Or maybe it would’ve been a disaster, and we would’ve crashed and burned because I was young, so young, and so was she, and we were just a beautiful mess with nowhere to go.

“Tulip,” she said before taking a deep breath. “I have something to tell you.”

I looked up at her, my mouth dry. What else could she possibly tell me right now that we hadn’t already said to each other?

“I moved back here because of you.”

“What? How—what?”

“Iris. She reached out to me online months before you came and asked me for my mailing address.”

Oh shit. Dread coiled in my stomach.

“She sent me a box of photocopied letters. Letters you’d written over the years to me.”

“Oh my god. No,” I gasped.

“Yep.” Ellery rubbed her hands up and down my arms. “Tulip. I can’t believe you did that.

I read them all, I’ve read them multiple times, actually.

And they were so sweet. I just—I was swept away by your words.

The last ten years, I’d wondered so much about your life.

I wanted to know so badly what you’ve been up to, but of course I was always too chickenshit to reach out.

When I read your letters…god. I cried, I laughed.

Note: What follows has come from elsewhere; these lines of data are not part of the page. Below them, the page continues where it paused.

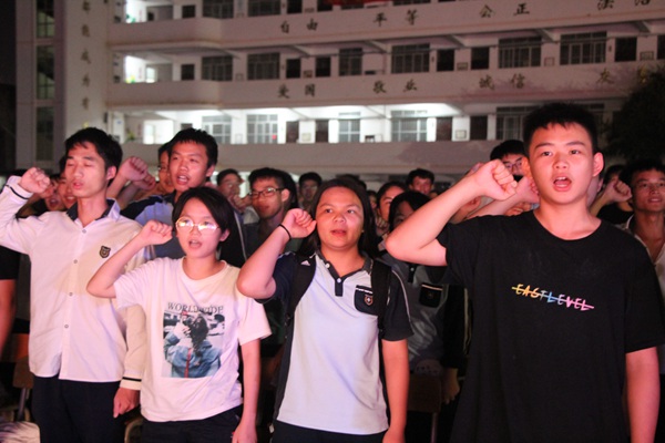 在薪火相传环节,高三年级组长蓝永强老师将高三冲锋号旗帜通过接力的方式传递给高二年级组长吴清霞老师。团队旗经过每一双激动的手,带着每个人火热的心和依依不舍之情,将这份感动和力量永远传递下去!典礼在全体师生大合唱《歌唱祖国》中顺利落幕。
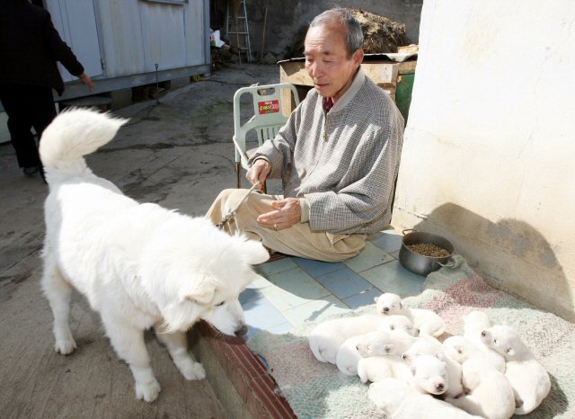 URL복사 기사공유하기 스크랩 프린트 메일보내기 글씨키우기 전남 영암군 학산면의 김성호(77)씨가 2000년 남북정상회담 당시 김정일 북한 국방위원장이 보낸 풍산개의 손녀 격인 '대산'이와 '대산'이가 지난달 22일 출산한 새끼 10마리와 함께 있다. 김대중 전 대통령은 2000년 6월 남북정상회담을 위해 평양을 방문하면서 김 위원장으로부터 풍산개 한쌍을 선물 받았다.(사진=연합뉴스) 저작권자 © 소비자가 만드는 신문 무단전재 및 재배포 금지 조창용 기자 다른기사 보기 URL복사 기사공유하기 주요기사 삼성증권, 지난해 순이익 1조84억 원…주당 배당금 4000원 결의 [인사] 금융위원회 김동연 지사, 용인 반도체 현장 방문…"든든한 지원군이 되겠다" 에스티팜, 5600만 달러 규모 원료 공급계약 체결 KB금융, 1조 2000억 원 규모 자사주 861만 주 소각 보람의정부장례식장, 의정부성모병원과 MOU 체결...장례서비스 지원
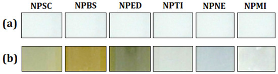 The systems containing encapsulated essential oil and preservatives (PNE, PMI, PBS, PTI, and PED) were stored at (5 ± 2) °C. Viscosity and phase separation were observed after 24 h, as well as flocculation and coalescence. All systems showed larger agglomerates separated from the rest of the emulsion, as reported previously [80]. The developed systems were not suitable for storage at low temperatures, as expected, due to the presence of the gelatin carrier.

I fell in love with you all over again.”

My mind spun, scrambling through the years of unsent letters, each one raw, holding back nothing because I wrote them with the confidence that came with knowing they wouldn’t be read by anyone.

And now I was finding out that Ellery had received them after all.

Had read each and every single one. Jesus. Should I be horrified or glad or…?

“Are you mortified?”

“Uh, yeah? No shit!”

She laughed and pulled me into her arms, and I let her. I rested my cheek on her chest, and slowly, my mind went from its frantic spin—ohmygodwhatishappeningohgod—to a slow quiet. I could feel Ellery’s heartbeat under my cheek, and it was fast too, as fast as mine was.

“Don’t be embarrassed,” she said. “I loved them. I love you. Only you.”

I refused to believe her, even then. It was too good to be true. Too much. Too unreal. I buried my face in her chest and squeezed my eyes shut.

“Remember when you asked why I was still single?” she said.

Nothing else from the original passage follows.